We arbitrarily choose an x value of 142, through the centre of the monitor screen to the right of the image. There are only 20 frames in the sequence, so to keep the slice a reasonable shape we will compress the y range down to 50 pixels. The code that follows sets up an array to receive the t-y slice, then copies the x = 142 column from each image into the appropriate t column of the slice array, using *arraysample.

    vars ty_slice = newsarray([1 20 1 50]);     ;;;
    filesin(sunrasterfile, fname, 3, '.ras', 1, 1, 20) -> images;
    vars t = 1, x = 142;
    for image from_repeater images do
        arraysample(image, [^x ^x 1 143], ty_slice, [^t ^t 1 50],
            "smooth") -> ;
        t + 1 -> t;
    endfor;

We can inspect the results with

    5 -> rci_show_scale;        ;;; show it larger, as only 20 x 50
    rci_show(ty_slice) -> rc_window;    ;;; we need the window later
Dilating slice

In the image now displayed, the axes are:

                                   t
                    ---------------->
                    |
                    |
                    |
                    |
                  y |
                    V

The clearest features are the bright traces produced by the top and bottom of the monitor, across the middle and bottom of the t-y plot. Notice how the traces diverge as time increases, corresponding to the growth in size of features in the original image sequence. In addition, there is a kink at the central frame, corresponding to slight change in the camera's motion at this point.
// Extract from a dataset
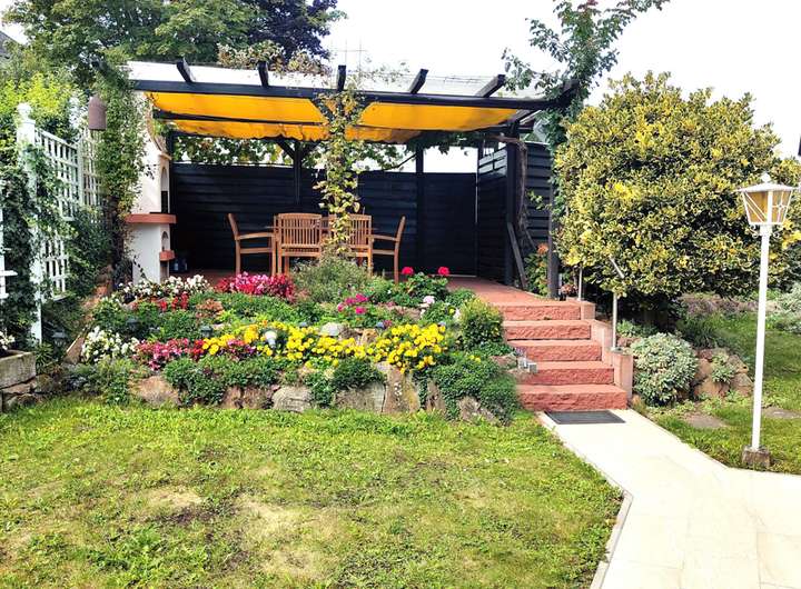 Der Keller bietet vielseitige Nutzungsflächen: einen Hobbyraum (derzeit mit neuwertiger Bar ausgestattet für gemütliche Feste), ein großes wohnlich eingerichtetes Zimmer (nicht in Wohnfläche enthalten), ein Bad mit Dusche, einen Hauswirtschaftsraum mit Küche, einen Vorratsraum, einen Heizungsraum sowie Fluren. Hier finden Sie ausreichend Platz für Vorratshaltung, Haustechnik und zusätzliche Nutzungsoptionen. Der Garten präsentiert sich gepflegt mit einer überdachten Sitzgelegenheit, einer weiteren Terrasse, einem Gartenhaus und einem Außengrill. Die Bewässerung des Gartens erfolgt mittels großem unterirdischem Regenwassertank. Aus dem Garten und auch der Eingangsseite gibt es einen direkten Zugang zum Untergeschoß. Zwei Garagen, wovon eine mit Grube ausgestattet ist, bieten zusätzlichen Komfort.

In practical computer vision, the use of explicit space-time representations like this is rare at present. However, as in many branches of physics and mathematics, space-time is a valuable conceptual tool, and can help in the development of algorithms.

Dilation and time-to-collision

One very important measurement can be made immediately from the space-time plot. The traces of the top and bottom of the monitor screen diverge at a definite rate. It is possible to calculate from this rate that the camera is likely to crash into the monitor after about another 40 frames of the sequence - and this calculation can be done without knowing anything about the size or distance of the monitor or the speed of the camera. (We do have to assume that the camera will continue its approach without changing speed.) We thus have an estimate of the likely time to collision on the basis of very simple measurements. This "time to contact under constant velocity" is a quantity likely to be highly relevant to controlling a mobile robot.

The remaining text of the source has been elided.